# SRF Meditation armrest



## Marpintero (May 26, 2009)

A customer asked me to make a meditation armrest. Got an original (manufactured in the Hidden Valley, California) and I took some pictures and measurements. I also got a copy of the patent, with detailed plans from Google (but no mesurements). I contacted the Hidden Valley Ashram but public relations officer did not know much about it. I would like to know something about the manufacturing process. Do any of you live close enough to make a visit to the workshops of the Ashram? Or does anyone have idea how make? What wood is the photo, ash? It is very well design and made!

Thank you very much.


----------



## lew (Feb 13, 2008)

That's an interesting device but I can't help you with any information.


----------



## Loren (May 30, 2008)

Ash is a good guess. Looks like ash to me.

To duplicate, imitate the geometry. The scarf is probably
cut first, then clamped in alignment and the hole drilled.
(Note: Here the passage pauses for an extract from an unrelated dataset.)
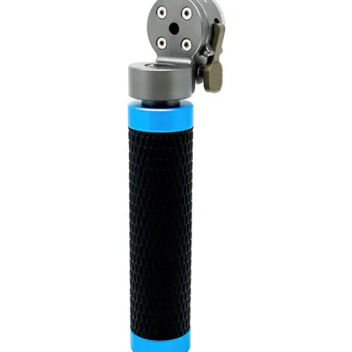 The aluminium space grey Quick Release Rosette Handgrip from Kondor Blue is designed to connect to the right side of your rig, and it features a nonslip textured rubber handle, an ARRI-type rosette, and an M6-threaded locking lever. This rosette handle can be attached to any ARRI-compatible rosette system with an M6 threaded mounting hole. A thumb lever allows you to make quick position adjustments without having to unscrew the handgrip.

This sort of basic one-off knock-off is usually not worth the 
trouble in terms of what you earn per hour, bit if the
project interests you go for it. Friends will inquire about
knock offs until you start saying no.


----------



## Marpintero (May 26, 2009)

Lew: Thanks anyway.
Loren: In fact I'm doing now with the means I have. I just wanted to know how it was done originally. And yes, not worth the troble in terms of money, but I like do it. Friends can be very burdensome, customers too, but they give us the ability to do things with wood.


----------



## Loren (May 30, 2008)

Well, it was probably done with basic woodworking machinery. 
I spoke once with a man who had been a monk there for
the better part of a decade and he said that they had a 
wood shop but the output was limited to things like stools
and it was not there to be a creative outlet for the residents,
but to generate income. It was probably made with a
table saw, drill press and perhaps a belt sander.


----------



## Marpintero (May 26, 2009)

Loren: Thanks for the tip, it's really not very complicated to do, with enough basic tools, but you can use a special cutter for marriage, for example, and a jig to shape profiles, that are the details that interest me.
The wood shop also made furniture using residents as I have understood.
When finished I will share my way to do, maybe someone need it at some point.


----------